Google has perhaps gone the furthest in the reconsideration of CAP with its Spanner database, which is intended to replace BigTable across a wide range of Google applications. Spanner is a globally distributed database providing not just strong data consistency, but also true multi-row ACID transactions like its SQL cousins.
The future of NoSQL
Databases are undergoing a sort of Cambrian explosion, with many new approaches being explored after decades of relative stability. The experimentation with new data models and query languages has been particularly broad and exciting.
Though no standards have emerged, it seems like key-value is emerging as a ubiquitous model, as is the “document” concept of hierarchical data. It’s likely that, as applications and languages evolve, this experimentation will continue and there will be a broad array of data models represented in the next generation of NoSQL databases.
Sacrificing strong consistency (and therefore ACID transactions) seems to have been too hasty. Transactions, which have been part of SQL databases for decades, allow applications to both deal with concurrent client access and build robust abstractions. This is evident in that there are several NoSQL companies starting to head toward adding transactional features to their solutions. For some time, NoSQL vendor MarkLogic has had multi-statement transactions, where they write and lock data with a two-phase commit. And DataStax, the company behind Cassandra, recently added Compare-and-Swap operations (calling them “lightweight transactions”) as part of its 2.0 release.

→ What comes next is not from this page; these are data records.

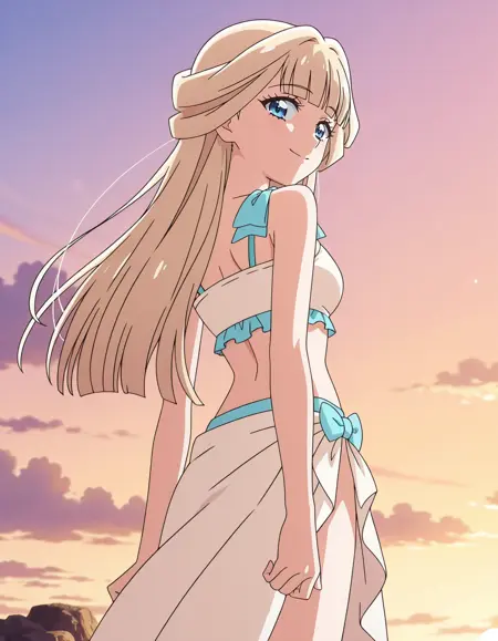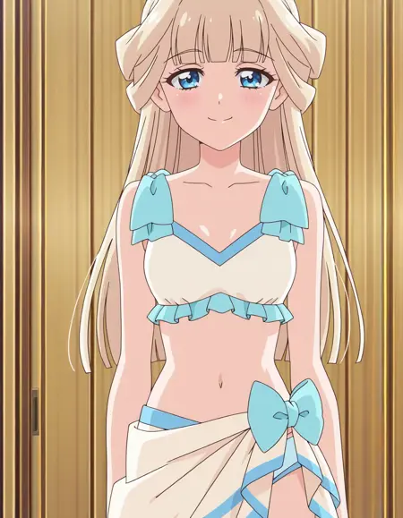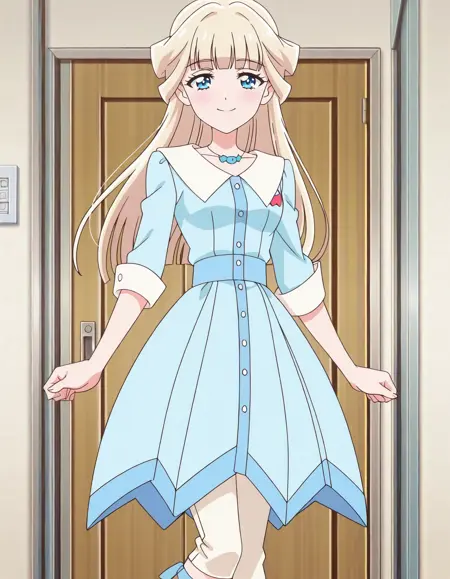 アニメスクリーンキャップ、単体、1人女の子、ねこやしきゆき、yukinormal、青いドレス、カプリパンツ、lora:nekoyashikiyuki_IL:0.8、高解像度、素晴らしい品質、最上品質、非常に美的、傑作、absurdres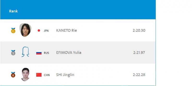 Эмэгтэйчүүдийн 200 метрийн мэлхий сэлэлтийн алтан медалийг Япон улсын тамирчин Кането Рай хүртлээ. Дэлхийн аваргын мөнгөн медальтай Рай анхны олимпоосоо алтан медаль авч хувийн амжилтаа ахиулж чадсан юм. Японы тамирчин Кането Рай 2.20.30 дойлын амжилт үзүүлэн нэгдүгээр байрт орсон бол ОХУ-ын тамирчин Юлия Эфимова 2.21.97 дойлоор удаалж хоёрдугаар байрт бичигдлээ. Харин гуравдугаар байрыг Хятад улсын тамирчин Ши Жин Лин эзэлсэн. Тэрбээр 2.22.28 дойлын амжилтаар барианд орж, хүрэл медалийн эзэн боллоо.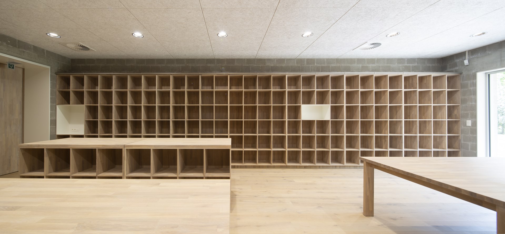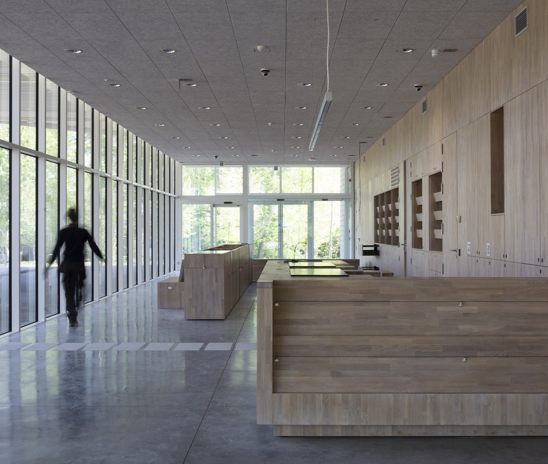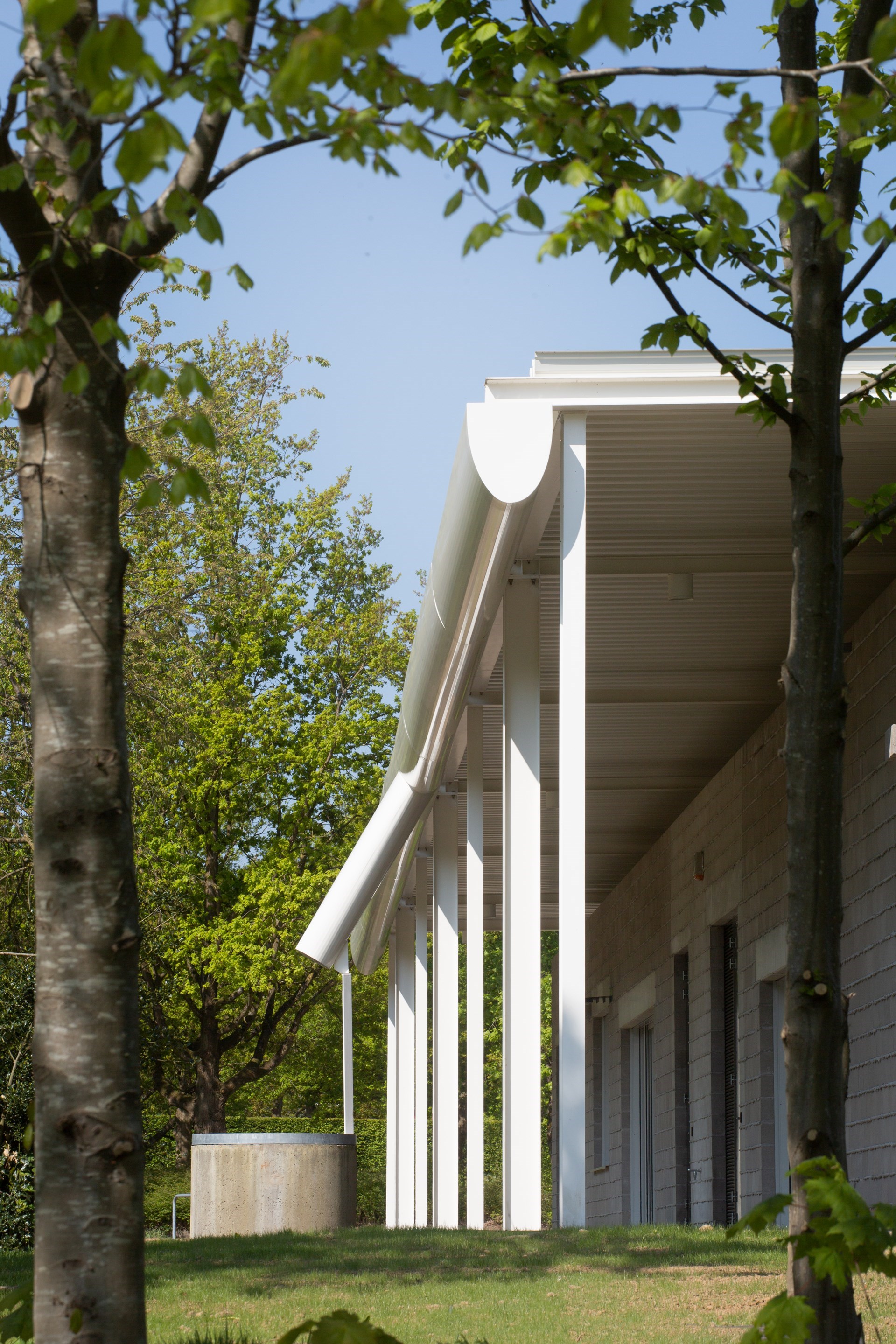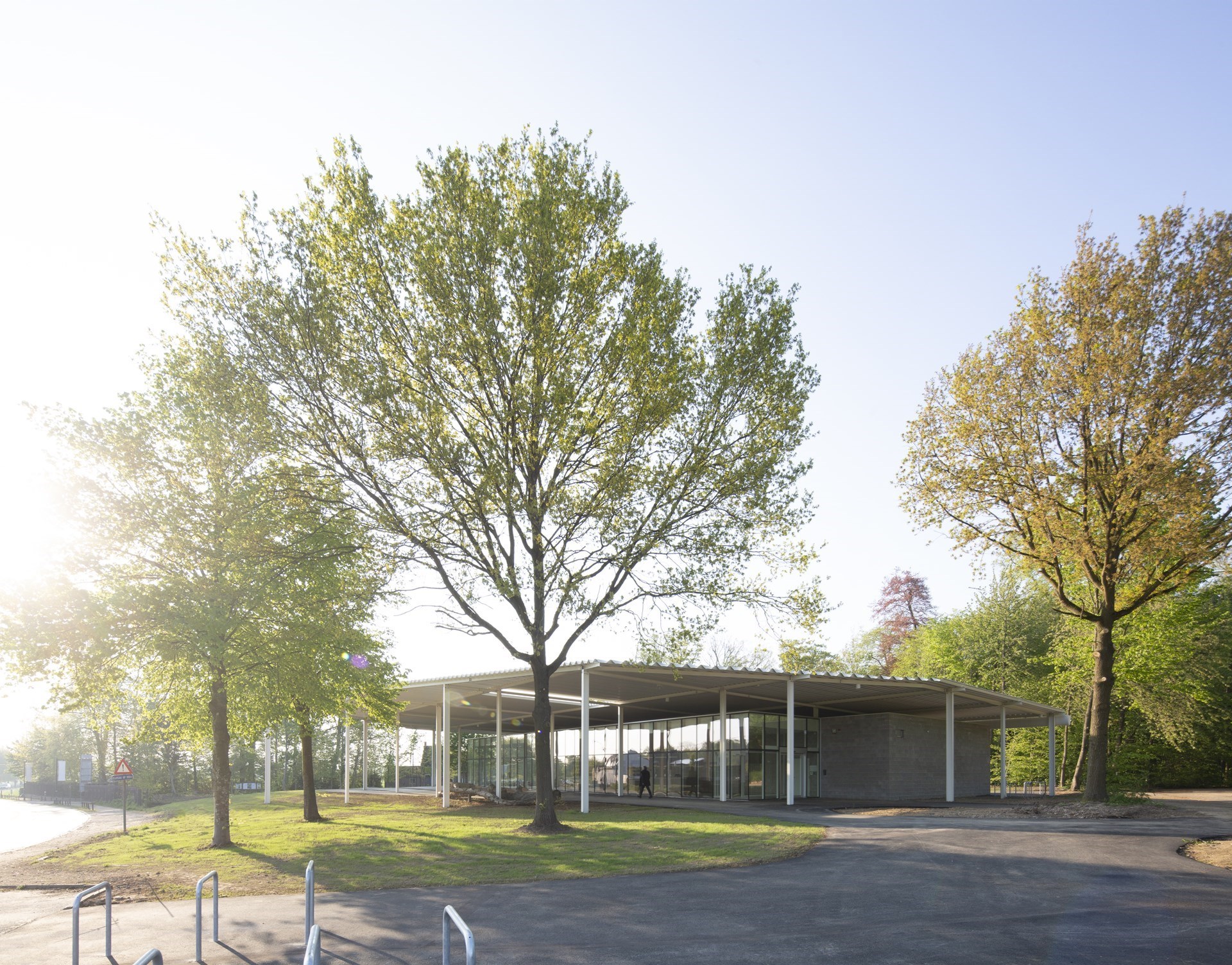 Het onthaalpaviljoen heeft bewust niet eenzelfde status als het kasteel of de historische gebouwen in het park maar gedraagt zich haast nederig en functioneel, als een ‘gereedschap’ ten dienste aan het domein. Nederig, maar daarom niet minder krachtig. Een architecturaal statement dat ruwheid met elegantie combineert, zowel in de materiaalkeuze, waarin beton, glas, hout en metaal domineren, als op vlak van visuele uitstraling.

Google was seen leading the way in NoSQL when it introduced BigTable as an alternative to relational systems that were hard to scale and required exotic and expensive hardware. But as Google observed, building systems without transactional guarantees is difficult, even for the most experienced of engineers.

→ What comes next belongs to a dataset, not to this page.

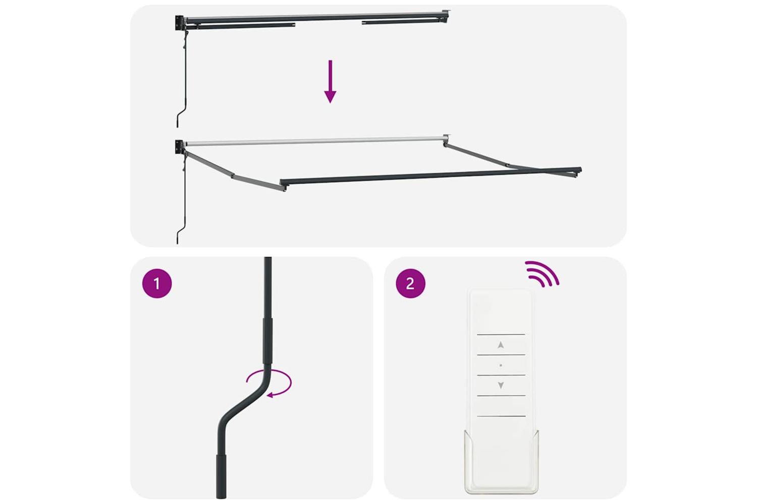 Sturdy Polyester Build The main material, polyester, is tough and can handle UV rays and rain. This keeps the awning looking good and intact, protecting you from the sun and the weather, making it a solid choice for your balcony. Customisable Shade With a nifty remote control, you can adjust the awning to get just the right amount of shade. This handy feature means you can easily switch between sunbathing and relaxing in the coolness. Stylish Minimalist Look This awning looks great with modern outdoor decor. Its clean lines made from aluminium, along with the light grey fabric, enhance any balcony or terrace, making it a stylish yet welcoming spot for all your outdoor needs. All the Good Stuff Included Inside the box, you get a sturdy awning frame, a durable top, and an easy-to-use remote control, so you’ve got everything needed for a complete setup. Each bit of it is designed to work well together, blending style with function, letting you enjoy your outdoor space effortlessly. Easy to Look After Just a bit of regular care will keep the awning lasting ages. Give the fabric a clean with cold water, and stay away from harsh chemicals. Make sure to tighten any loose parts now and then as per the instructions. These simple tasks will help keep the awning looking fresh, reducing wear and tear.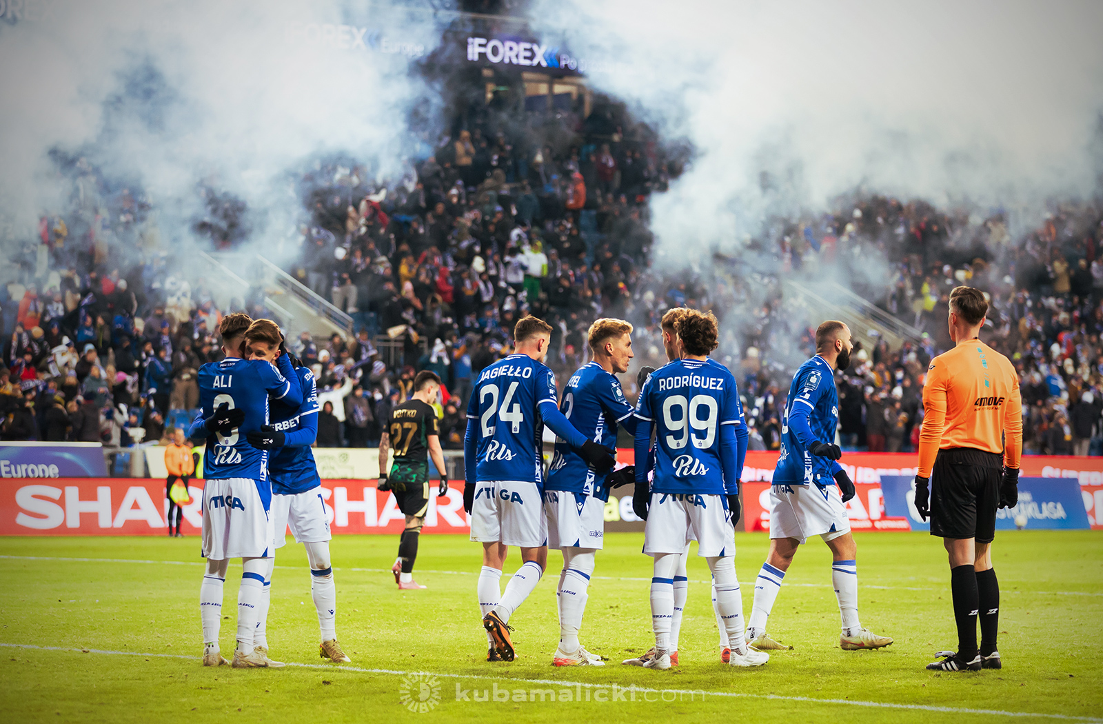 Lech: 41. Bartosz Mrozek – 2. Joel Pereira (63, 20. Robert Gumny), 72. Mateusz Skrzypczak, 16. Antonio Milić, 15. Michał Gurgul (85, 7. Yannick Agnero) – 8. Ali Gholizadeh (85, 4. João Moutinho), 43. Antoni Kozubal, 99. Pablo Rodríguez, 24. Filip Jagiełło (63, 10. Patrik Wålemark), 14. Leo Bengtsson (63, 77. Luis Palma) – 9. Mikael Ishak

It seems as though Google is yet again redefining NoSQL with F1, a layer on top of the Spanner NoSQL database that adds a SQL data model and query language. This points to an exciting future for NoSQL databases. Next-gen NoSQL systems will continue to employ shared-nothing, distributed architectures with fault tolerance and scalability, but they may follow in Google’s footsteps by aggressively exploring strong consistency with transactional guarantees.
Dave Rosenthal is cofounder of FoundationDB, a NoSQL database company.